| Work order |
Having located "ASOS DESIGN - Oversized" in the listing below, write out its line and every following line exactly, last line included, without the pictures.

START Records for the exercise

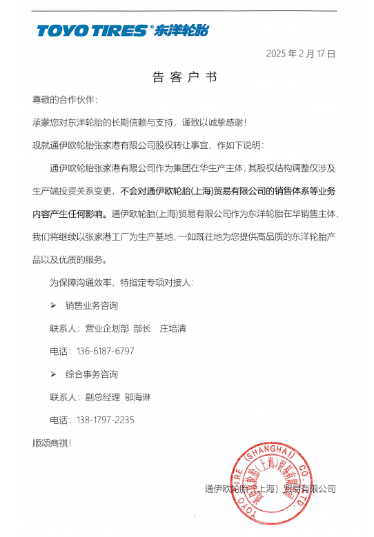 通伊歐輪胎上海貿(mào)易公司隨后發(fā)出了關(guān)于張家港公司股權(quán)轉(zhuǎn)讓事宜的告知書。告知書表示,通伊歐輪胎張家港有限公司作為集團(tuán)在華生產(chǎn)主體,其股權(quán)結(jié)構(gòu)調(diào)整僅涉及生產(chǎn)端投資關(guān)系變更,不會對通伊歐輪胎(上海)貿(mào)易有限公司的銷售體系等業(yè)務(wù)內(nèi)容產(chǎn)生任何影響。
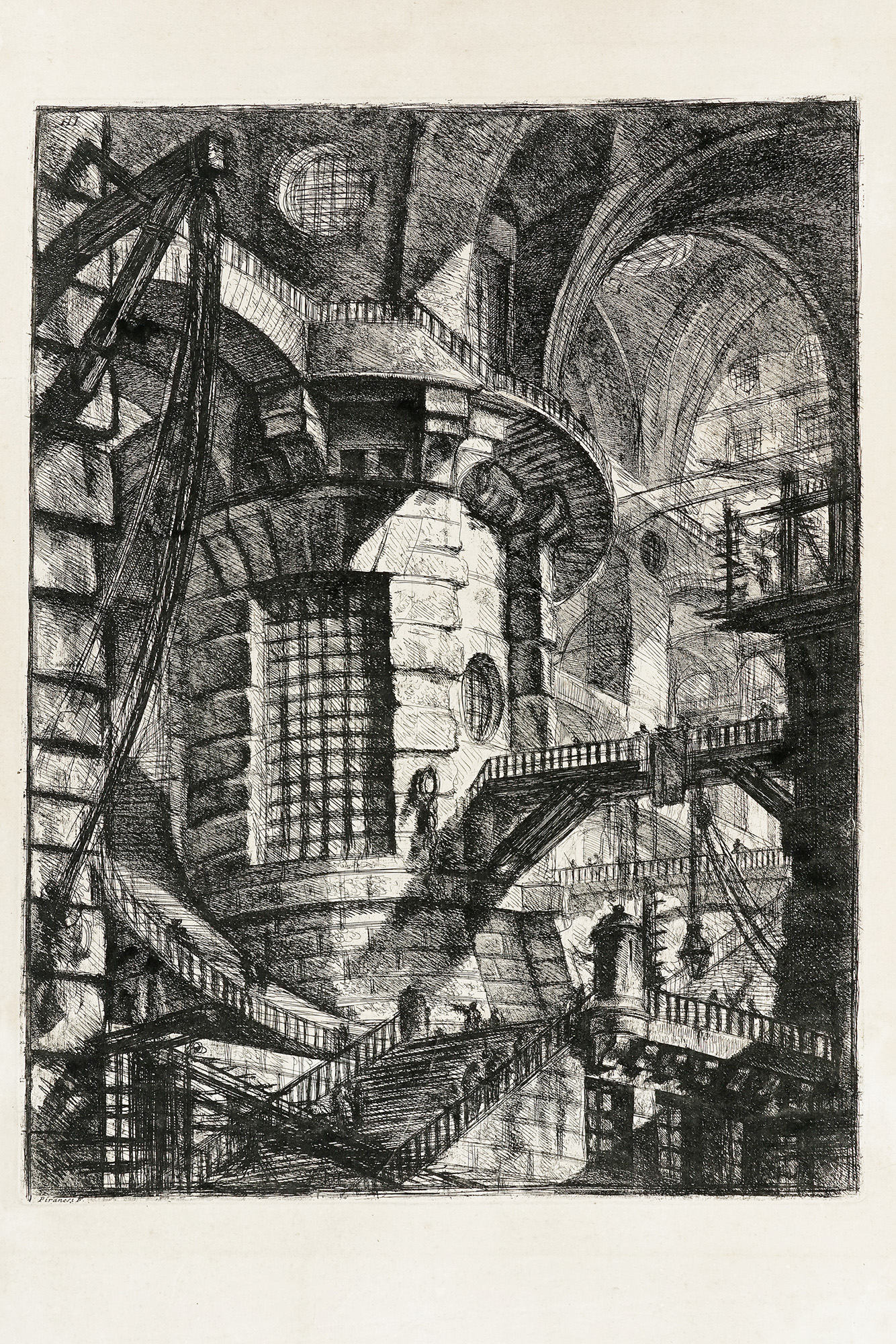 Acquaforte, bulino, tintura di zolfo o morsura aperta, brunitoio. mm 544x413. Foglio: mm 700x455. Focillon, 26. Hind, 3. Robison, 30. Terza tavola da Carceri d'invenzione. Ottima prova nel V stato di 6 dalla II edizione, IV uscita (metà anni Settanta - 1835 ca., fino alle prime impressioni della V edizione). Carta vergellata apparentemente priva di filigrana. (1) Foglio lievemente ingiallito con margini come in origine, mm 20/24 i laterali e mm 65/90 il superiore e l'inferiore, minima brunitura alle estremità. Traccia di alone nella parte bassa del foglio, rilevante solo al verso.
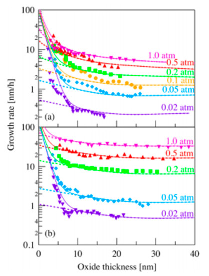 | Single crystals Si (100) | H2O/O2 (1 to 2000 ppm) | 780–980 | Linear parabolic | No data [62] |
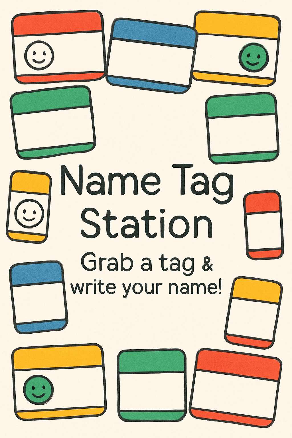 Colorful Cartoon Name Tag Station Invitation Sign for Events
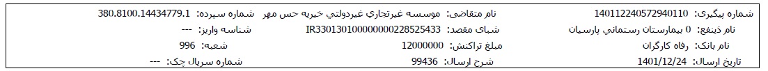 اسناد بیمارستانی و مالی پس از تکمیل مبلغ پرونده، در اختیارتان قرار میگیرد.
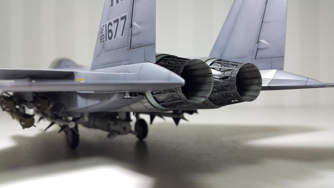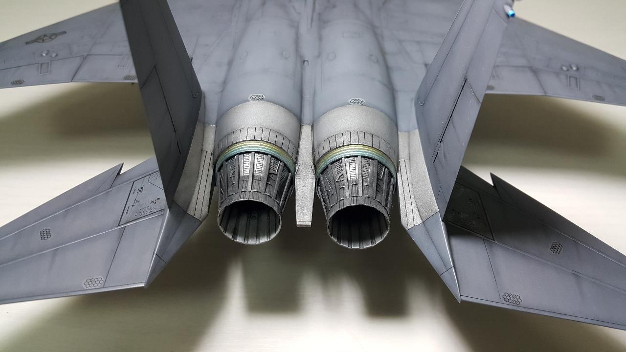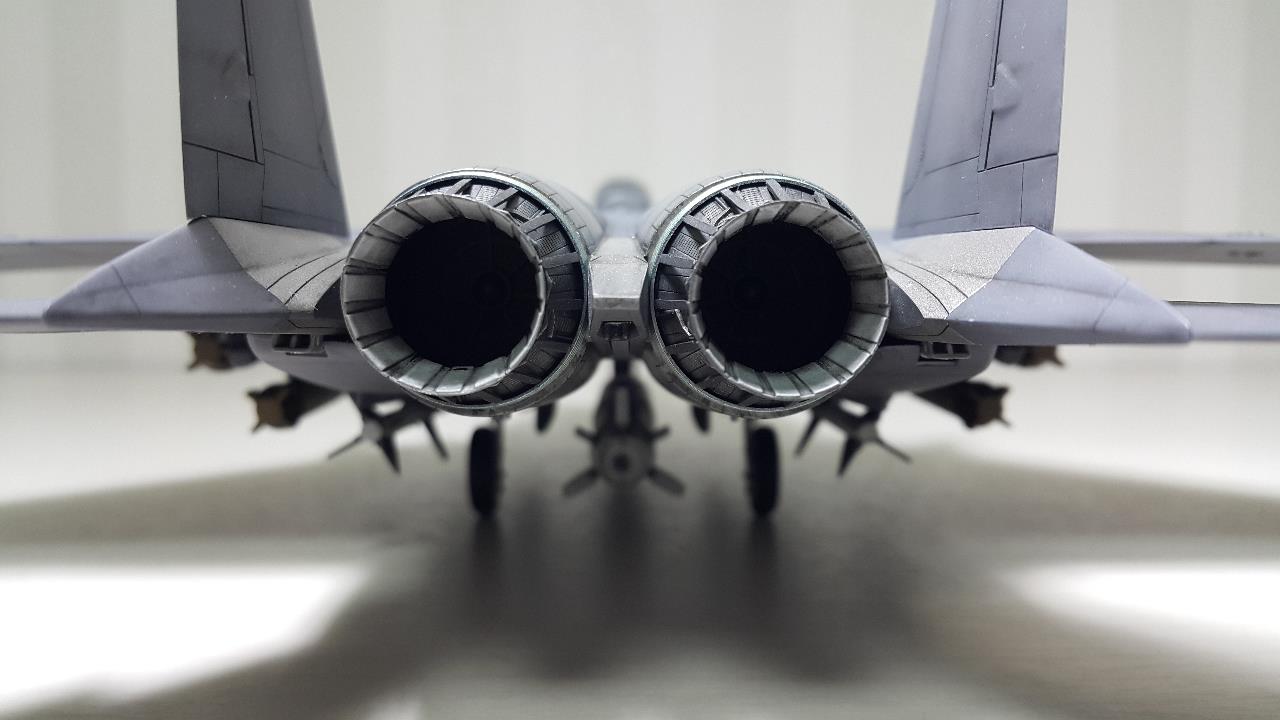 배기노즐 부위의 실버부위는 처음에 군제 금속컬러 특색으로 도색하고, 웨더링을 한답시고 무광마감제를 뿌리고 워싱을 했습니다. 다시 유광 마감제를 뿌렸지만 금속컬러 특유의 발색과 광이 다 죽어버렸네요!
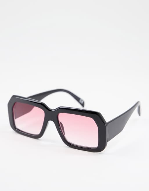 ASOS DESIGN - Oversized retro zonnebril in zwart met roze glazen - BLACK
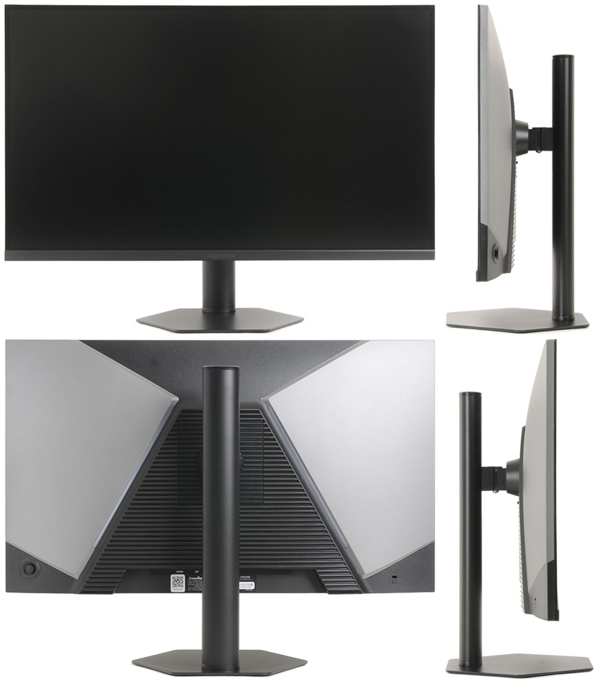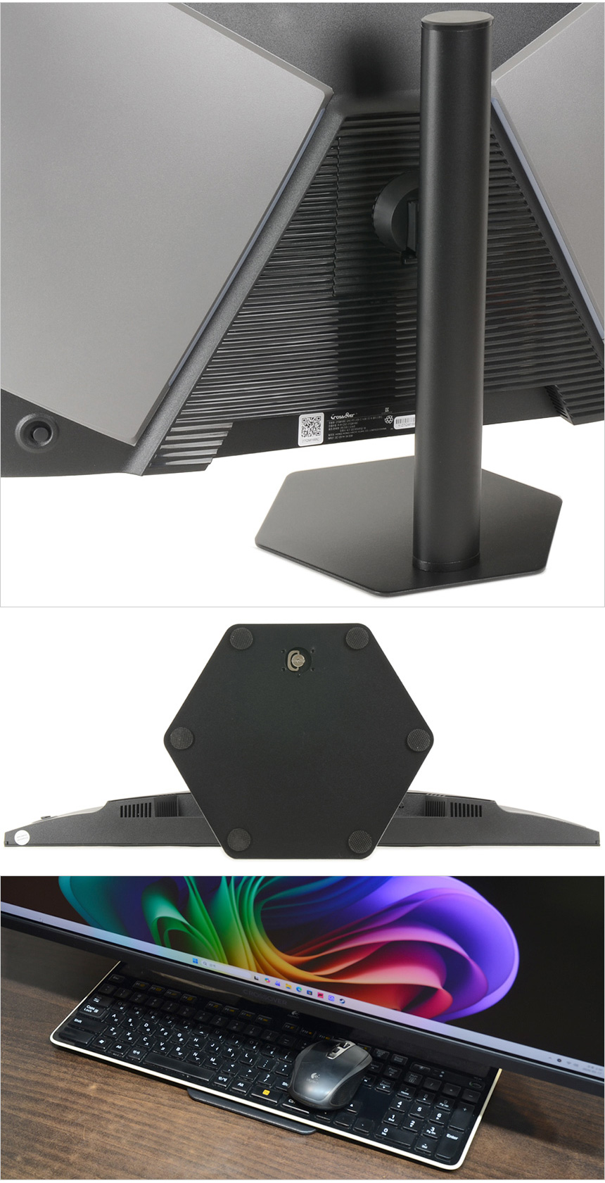 모니터 하단부의 모습으로 크로스오버 로고가 중앙에 세겨져 있으며 양 측면에는 3W 스피커가 장착되어 시원시원한 사운드를 즐길 수 있다. 이 제품은 도입부에서 언급한 것과 같이 티어링 현상을 방지하는 프리싱크 (어댑티브 싱크)를 지원하며 조준선, 5ms 응답속도 등을 지원해 원활한 게이밍이 가능하다.
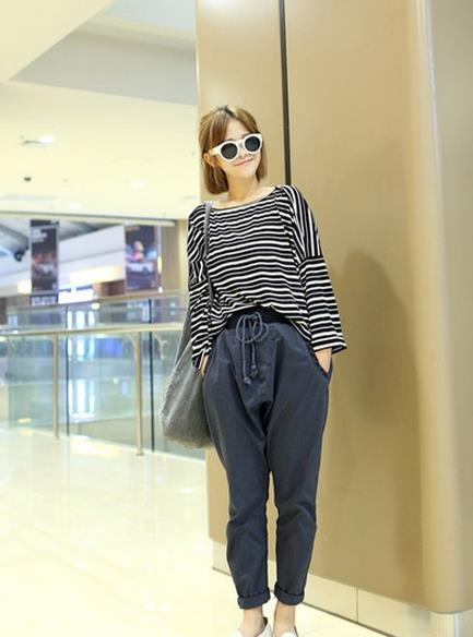 黑白条纹长袖T恤,是早秋季节最流行的上衣,相信很多女生都会喜欢这一件,搭配休闲款式的哈伦裤,白色平底鞋,休闲包包,轻松穿出舒服利落的时尚感。
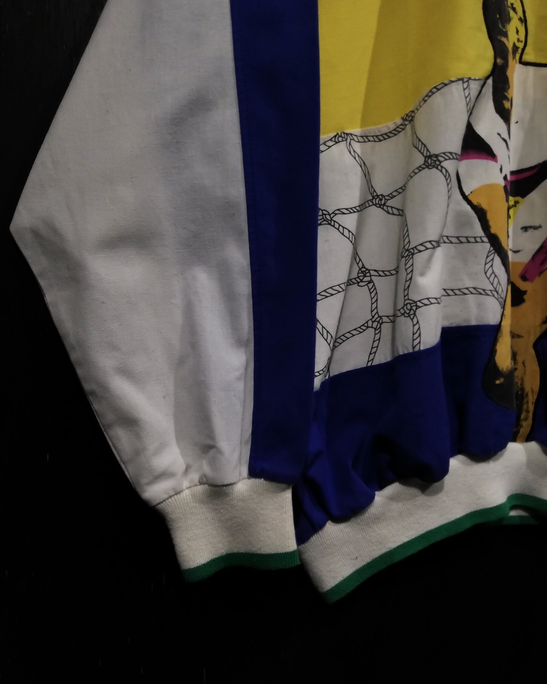いわゆるATP型のような、リブの効いた丸みのあるボディに、刺繍でテニスのデザインを載せたハーフジッププルオーバー。この型にこのデザイン、カルチャー的なバックボーンを感じ取れますね。
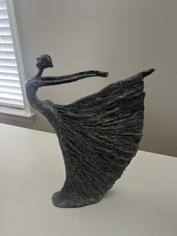 This decorative ballerina sculpture is a medium-sized art deco statue that stands at 16 inches tall and 12 inches wide.The sculpture depicts a graceful ballerina, adding a touch of elegance and charm to any room it is displayed in. Perfect for those who appreciate fine art and artistic flair in their decor. Used as decor but no damages.
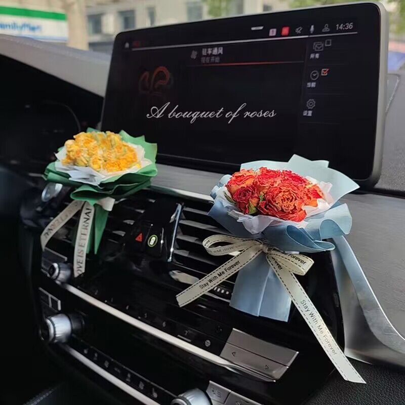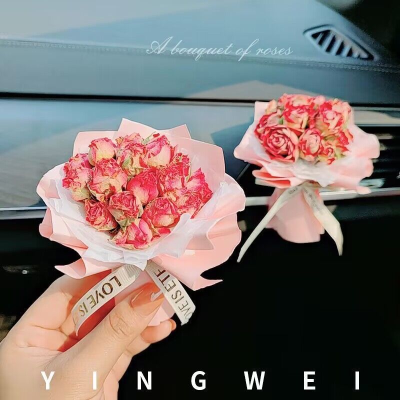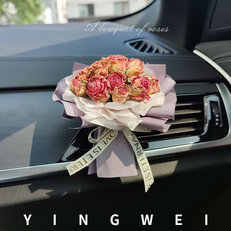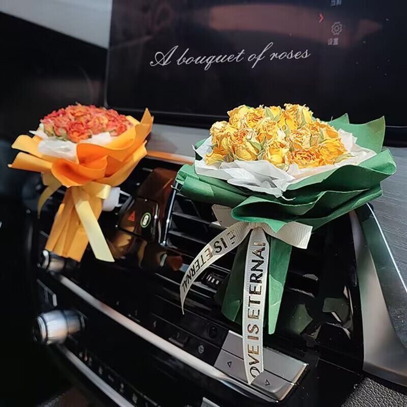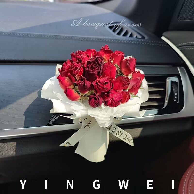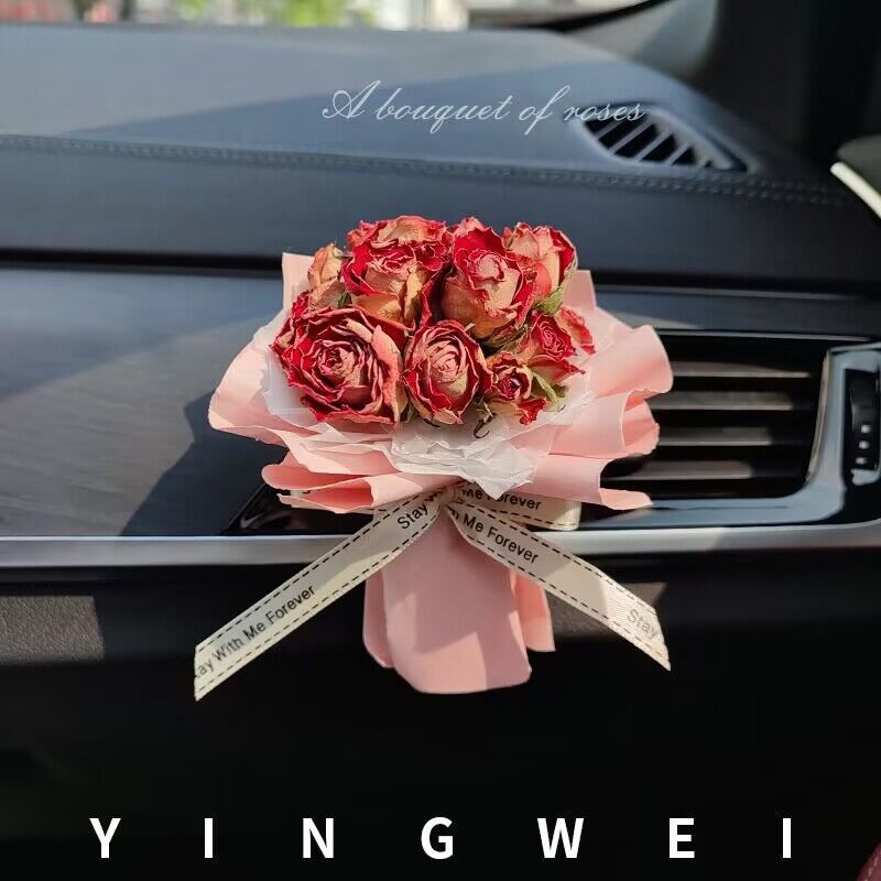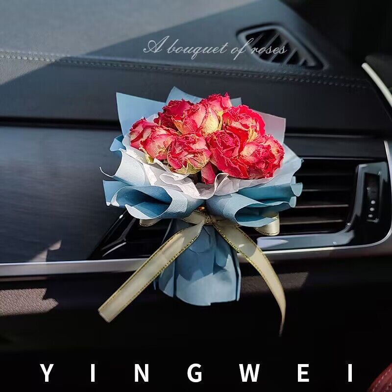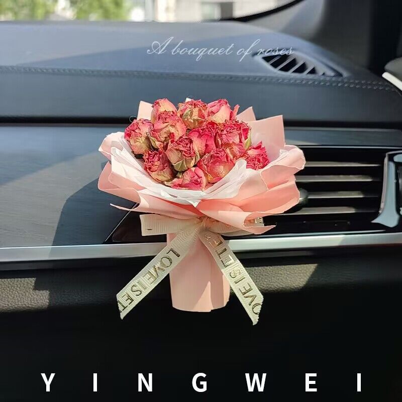 车载香薰出风口香水创意玫瑰干花花束装饰汽车空调香氛夹摆件礼物

END Records for the exercise

| Finished exercise |
 ASOS DESIGN - Oversized retro zonnebril in zwart met roze glazen - BLACK
 모니터 하단부의 모습으로 크로스오버 로고가 중앙에 세겨져 있으며 양 측면에는 3W 스피커가 장착되어 시원시원한 사운드를 즐길 수 있다. 이 제품은 도입부에서 언급한 것과 같이 티어링 현상을 방지하는 프리싱크 (어댑티브 싱크)를 지원하며 조준선, 5ms 응답속도 등을 지원해 원활한 게이밍이 가능하다.
 黑白条纹长袖T恤,是早秋季节最流行的上衣,相信很多女生都会喜欢这一件,搭配休闲款式的哈伦裤,白色平底鞋,休闲包包,轻松穿出舒服利落的时尚感。
いわゆるATP型のような、リブの効いた丸みのあるボディに、刺繍でテニスのデザインを載せたハーフジッププルオーバー。この型にこのデザイン、カルチャー的なバックボーンを感じ取れますね。
 This decorative ballerina sculpture is a medium-sized art deco statue that stands at 16 inches tall and 12 inches wide.The sculpture depicts a graceful ballerina, adding a touch of elegance and charm to any room it is displayed in. Perfect for those who appreciate fine art and artistic flair in their decor. Used as decor but no damages.
 车载香薰出风口香水创意玫瑰干花花束装饰汽车空调香氛夹摆件礼物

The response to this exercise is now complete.